[Problem to work on]:
Copy out exactly the lines beginning with the one that contains "1月9日,人們在西班牙馬德里街頭打雪仗。" and ending at the last line of the listing, skipping any pictures.

[Dataset content]:
◇ ◇ ◇ ◇

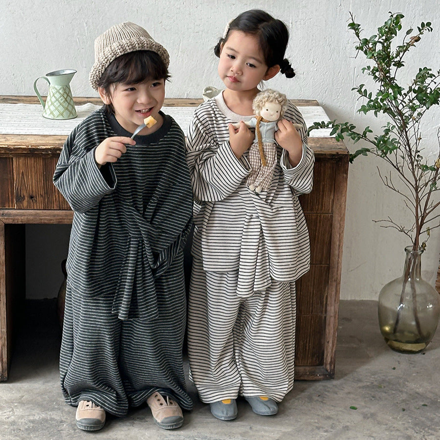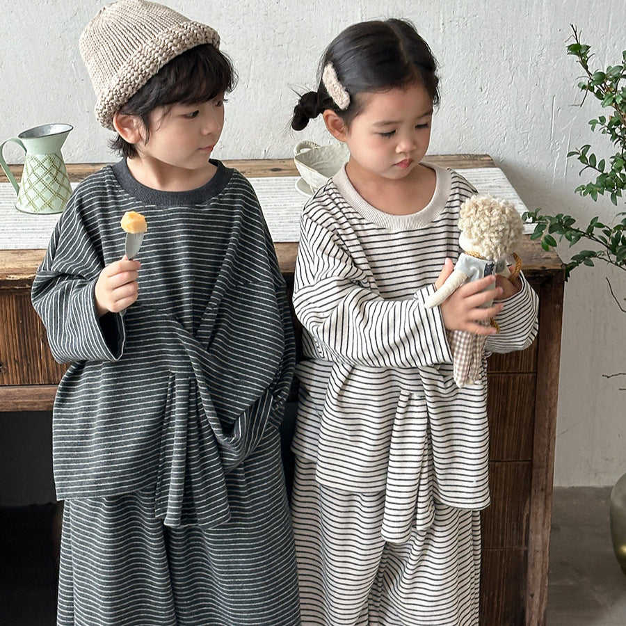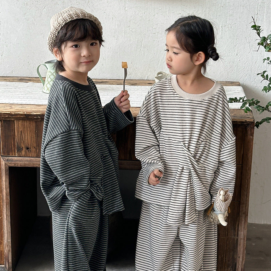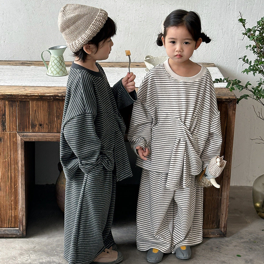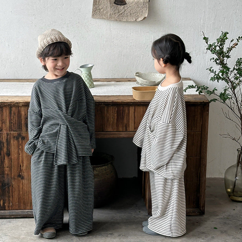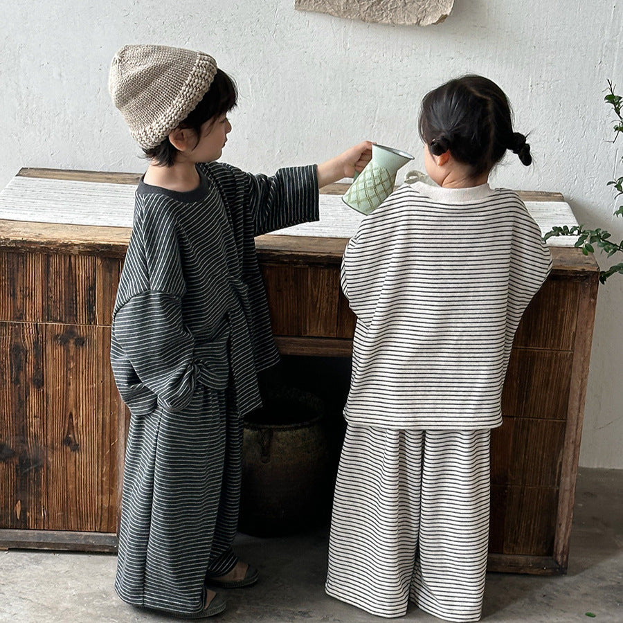 25Q14TG-秋季細條紋寬鬆上衣+長褲套
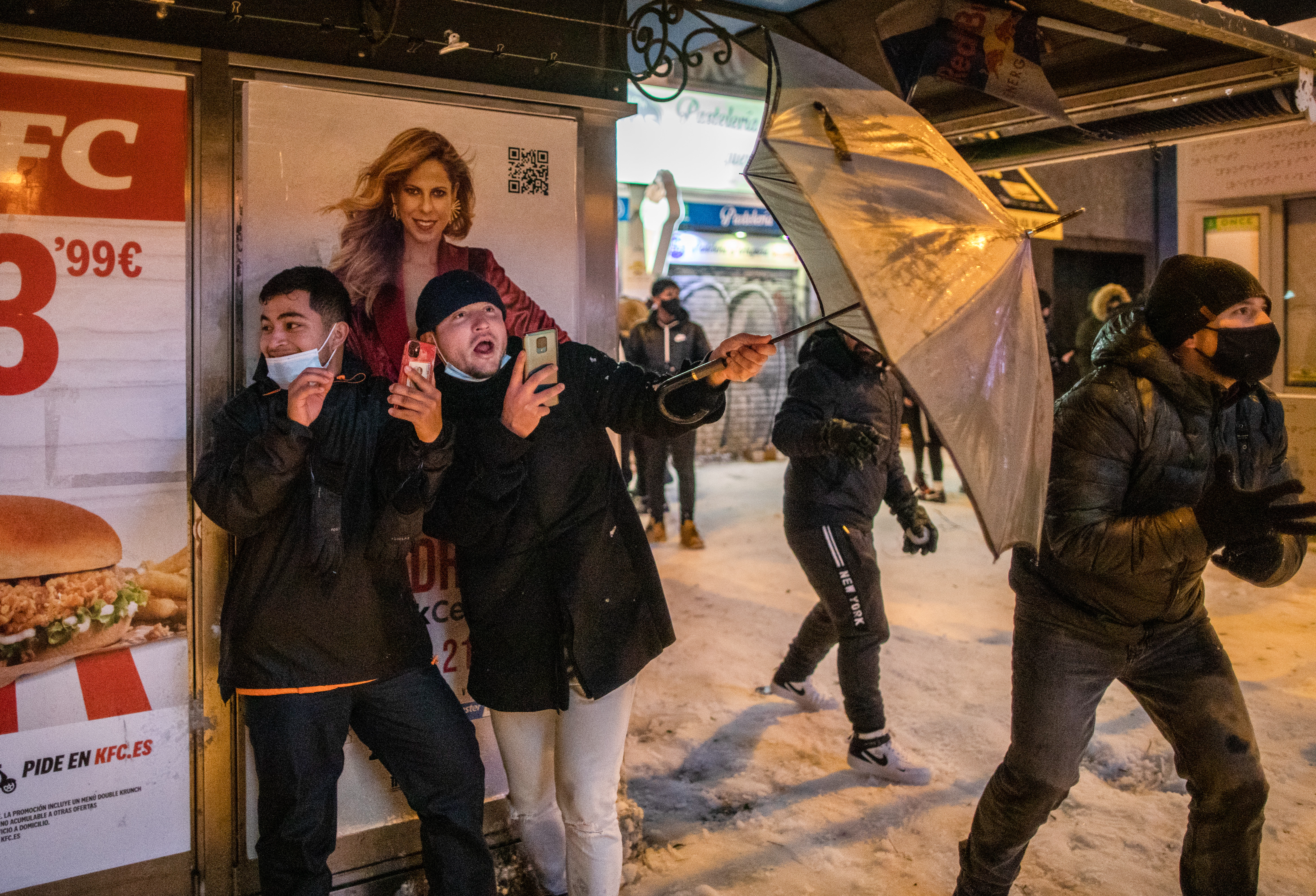 1月9日,人們在西班牙馬德里街頭打雪仗。
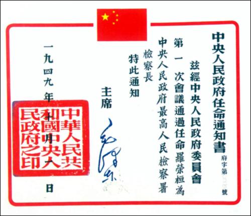 根據(jù)《中央人民政府組織法》的規(guī)定,中央人民政府委員會組織最高人民檢察署,作為國家的最高檢察機關(guān)。最高人民檢察署檢察長、副檢察長和委員均由中央人民政府委員會任免。1949年10月1日,中央人民政府委員會第一次會議任命羅榮桓為最高人民檢察署檢察長。

◇ ◇ ◇ ◇

[Answer]:
 1月9日,人們在西班牙馬德里街頭打雪仗。
 根據(jù)《中央人民政府組織法》的規(guī)定,中央人民政府委員會組織最高人民檢察署,作為國家的最高檢察機關(guān)。最高人民檢察署檢察長、副檢察長和委員均由中央人民政府委員會任免。1949年10月1日,中央人民政府委員會第一次會議任命羅榮桓為最高人民檢察署檢察長。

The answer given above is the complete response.